Here are some tips and tricks that can help you improve your mental focus – and avoid those challenging times of procrastination!

Remove Your Phone!

Let’s organize a block time in your schedule to rid ALL distractions! Whether it be requesting to be left alone, putting your phone on Do Not Disturb, or switching off all electronical devices, it is vital to remove the things that keep you from getting through what you need to. Close your social media apps, put your phone on silent, or keep your phone away from you for a set period. Research investigated whether merely having one’s own smartphone nearby could influence our cognitive abilities (Duke, 2018). Our cognitive capacity is critical when helping us learn, reason, and develop creativity. Even the smallest of impacts on cognitive capacity can have a big impact on our concentration.

Limiting Your Focus

This means cutting down on falling into the habit of multi-tasking. Multi-tasking can really make us fall into the trap of procrastination and with juggling 100 things, we end up successfully completing 0 of those things. Attempting to complete or attempt to, multiple things at once makes us feel productive, but it also a potential recipe for lower focus, concentration, and productivity – which can lead to potential burn out. An example of multi-tasking can include watching a lecture while attempting to study, all while cooking your dinner. So, lecturer is speaking away, study notes remain lingering, and the hot water has finally boiled – oh boy. Such multi-tasking not only hampers your ability to focus but compromises your work quality. Stop juggling, and instead give your full attention to one thing at a time.

Practicing Mindfulness

Mindfulness is referred to the psychological state of our awareness. It is defined as a moment-to-moment awareness of one’s experience without judgement. Practicing mindfulness offers a way to pay attention to the present moment and can be achieved through exercise, writing, reading, meditating or anything in which can calm us down. According to researchers at Harvard university, our minds are lost in thought 47% of the time. For students, these thoughts regularly stem from two cases: dwelling on the past or worrying about the future. Research conducted by Columbia University Medical Center claims that mediating can shift your concentration levels. Concentrative fixates on a particular point, whether it is a word, breath, or object. The goal is to release thoughts and maintain or refocus your attention on that point, preventing your mind from wandering (Columbia University, 2018).
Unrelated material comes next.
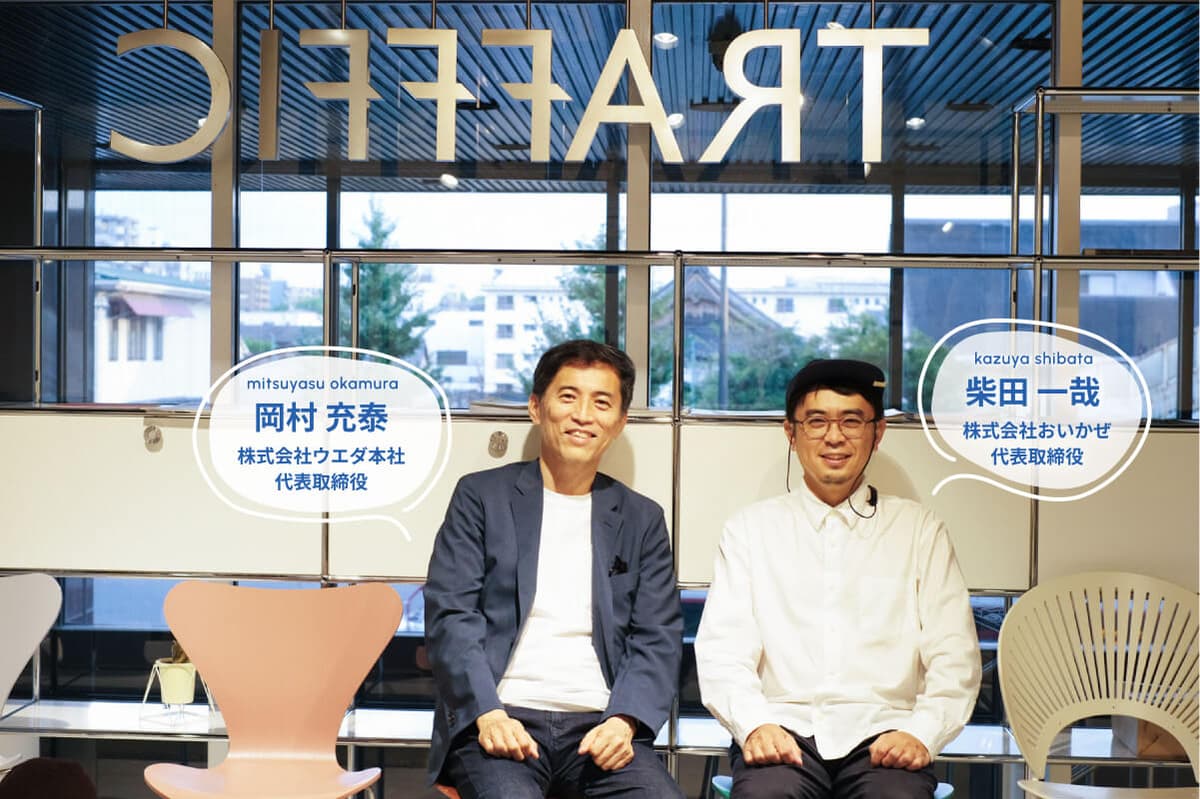 第4回目のお相手は、「働く環境の総合商社」としてオフィスを中心とした空間のプロデュースやリノベーションを行っている、株式会社ウエダ本社代表の岡村充泰さん。「オフィス」というキーワードを軸に、それぞれの「はたらくデザイン」について語り合いました。

Mindfulness is all about drawing back where your mind wanders off to.

To fully practice mindfulness, you must be self-aware of your physical and mental actions. Mindfulness is the practice of “return” - this means noticing when your mind has strayed thinking and bringing your awareness to the present (Cho, 2016). Practicing mindfulness can shift your mindset to a more stable and positive place, but remember, it’s all dependent on how self-aware you are of it.

By strengthening our mental focus, we may find that we are able to accomplish or fulfill more tasks and concentrate on the things in life in which bring us satisfaction, positivity and joy. However, to take these steps, we must learn how to move forward and building mental focus does not happen overnight. Consistency is key, and remember, you’ve got this.

References:

• Cho, J. (2016). 4 Ways of Creating Positive Mindset in 2017 Using Mindfulness. Forbes. [Accessed 25 March 2021]
4 Ways of Creating Positive Mindset in 2017

• Corliss, J. (2014). Mindfulness Meditation May Ease Anxiety, Mental Stress. Harvard Health Publishing Harvard Medical School. [Accessed 25 March 2021]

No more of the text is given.